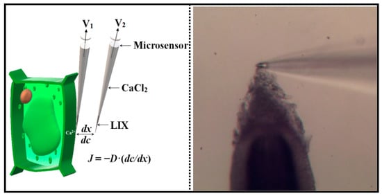 Schematic diagram and measured photo of Ca2+ flux analysis by non-invasive micro-tests. The diagram is to demonstrate the principles behind NMT testing and is not to scale. The tip diameter of the microsensor is about 5 μm.
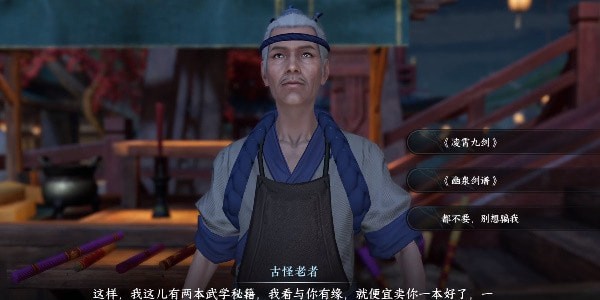 4.选完后,继续和那个古怪的老头聊。他会给我们凌霄的九把剑,他可以跳过对话来完成任务。
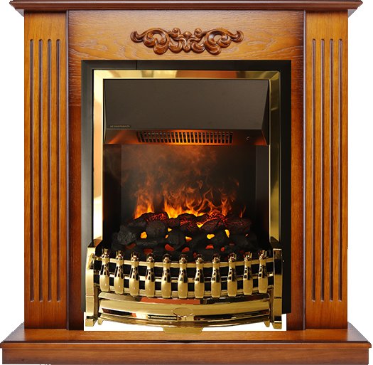 Электрический очаг Dimplex Atherton серии Opti-Myst с эффектом реального пламени. Этот стильный классический очаг в обрамлении золотого цвета предназначен для встраивания в порталы, выполненные в классическом стиле.
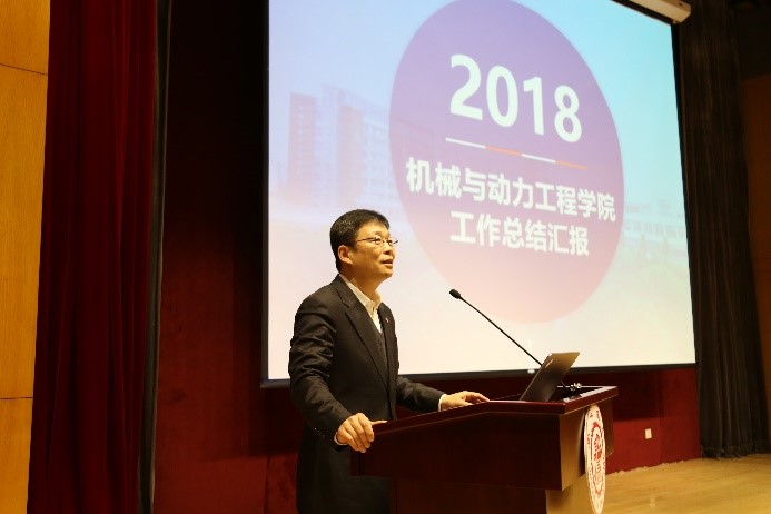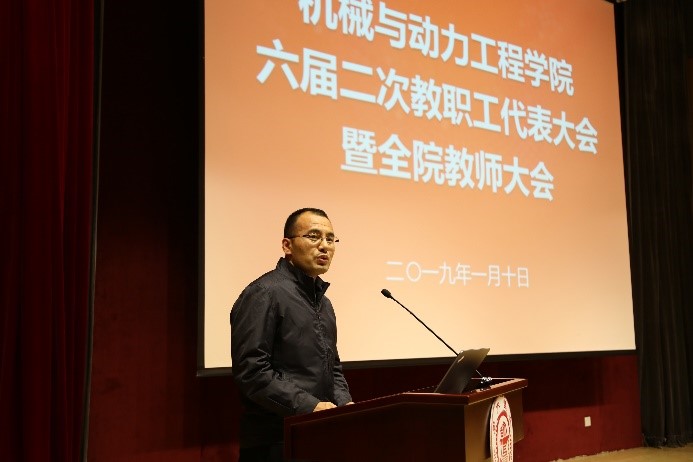 党委书记兼院长杜朝辉作学院领导班子和个人年度工作报告,从班子建设、党风廉政、主要工作和成效、不足及努力方向四个方面总结了学院年度工作。他指出,2018年学院稳步推进各项重点工作,亮点突出,成效显著。他报告了学院在党的建设、学科发展、科学研究、人才培养、师资队伍、实验室建设、产学研基地等方面取得的成绩,感谢全体教师为学院和学科发展所做的努力,并提出新一年的主要工作:落实教书育人、立德树人根本任务,强化价值引领,提高人才培养质量;树立危机意识,在科学研究上寻求更多突破;积极适应科技和经济发展,拓展学科方向,培育新的学科增长点;增强安全防范意识,加大安全培训力度,提升实验室管理水平;加强支撑队伍建设,提高管理服务能力。
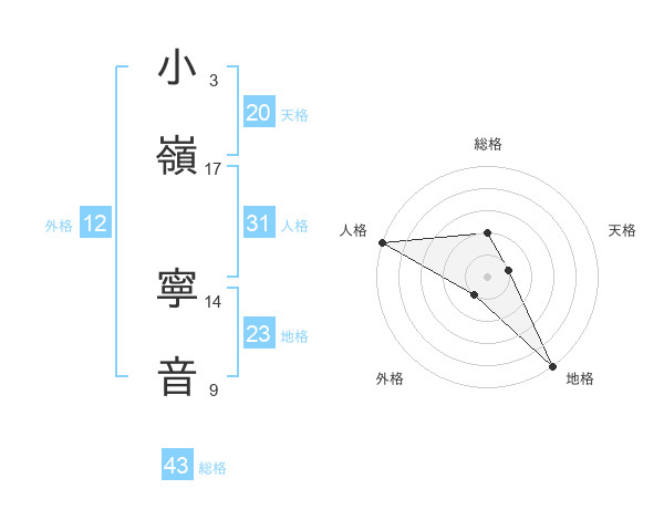 小嶺 寧音さんの天格は20画の1点!
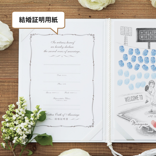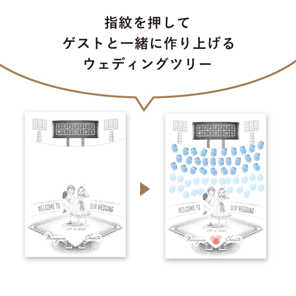 野球が好きな方にぴったりなデザイン!観客席にはおふたりを見守るようにゲストの指紋が並びます。夫婦一丸となって人生というペナントレースを進むおふたりを応援。
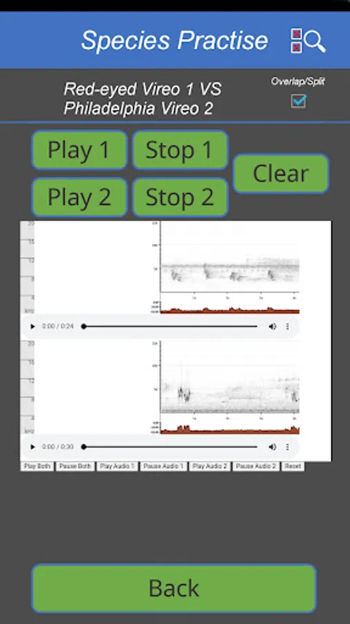 Bird Vocs is an app to practice bird vocalizations. It connects to xeno-canto.org, and lets you use recordings from that website on your mobile device. Bird Vocs also draws the spectrograms (if available), and gives you the capability to compare two spectrograms overlayed or next to each other.
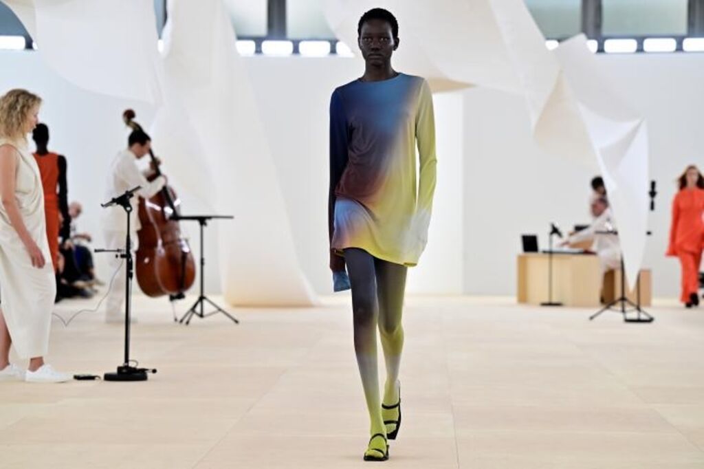 Les robes portées avec des sneakers ou des mules à petit talon carré sont plus habillées. Une longue robe drapée noire a ouvert le défilé vendredi 29 septembre, indiquant la direction de la collection.
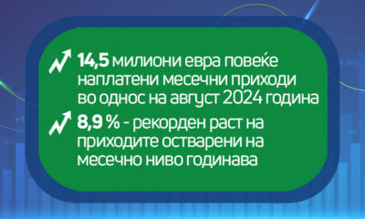 За 14,5 милиони евра е зголемена наплатата на приходи во август во царината во споредба со истиот месец минатата година, што претставува рекорден раст на приходите...
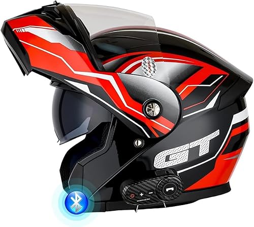 Flip-Up Casques De Moto Modulable,Bluetooth Casque Moto Intégraux avec Double Visière Microphone Casque De Motocross pour Homme Et Femme ECE Homologué Modulables Casques 4,4XL
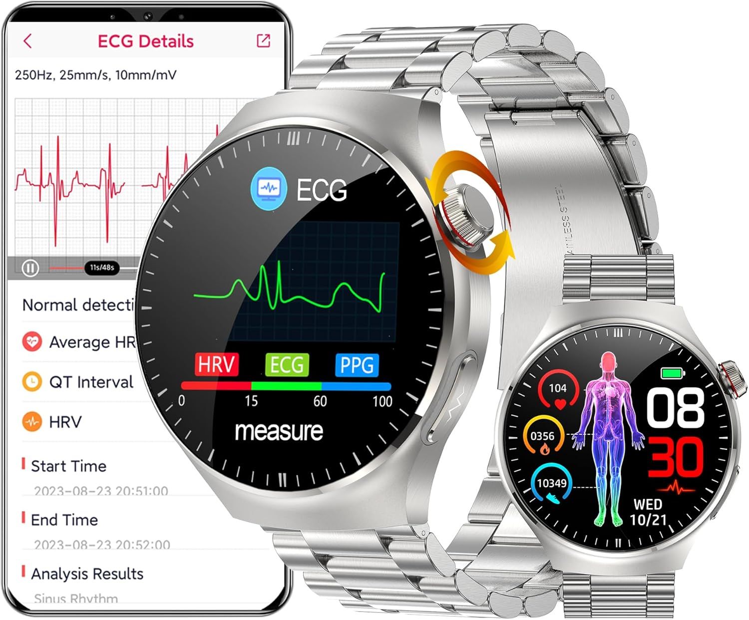 Montre Connectée Ecg+Ppg Pour Femmes,Écran Entièrement Tactile,Fréquence Cardiaque,Sport,Fitness,Appel Vocal,Étanche,Avec Boîte,Nouveau,2024.White Steel Strips.

#### Task details:
Leaving every picture aside, reproduce exactly the lines above from the one with "4.选完后,继续和那个古怪的" up to and including the one with "Электрический очаг Dimplex", and no others.

#### Exercise result:
 4.选完后,继续和那个古怪的老头聊。他会给我们凌霄的九把剑,他可以跳过对话来完成任务。
 Электрический очаг Dimplex Atherton серии Opti-Myst с эффектом реального пламени. Этот стильный классический очаг в обрамлении золотого цвета предназначен для встраивания в порталы, выполненные в классическом стиле.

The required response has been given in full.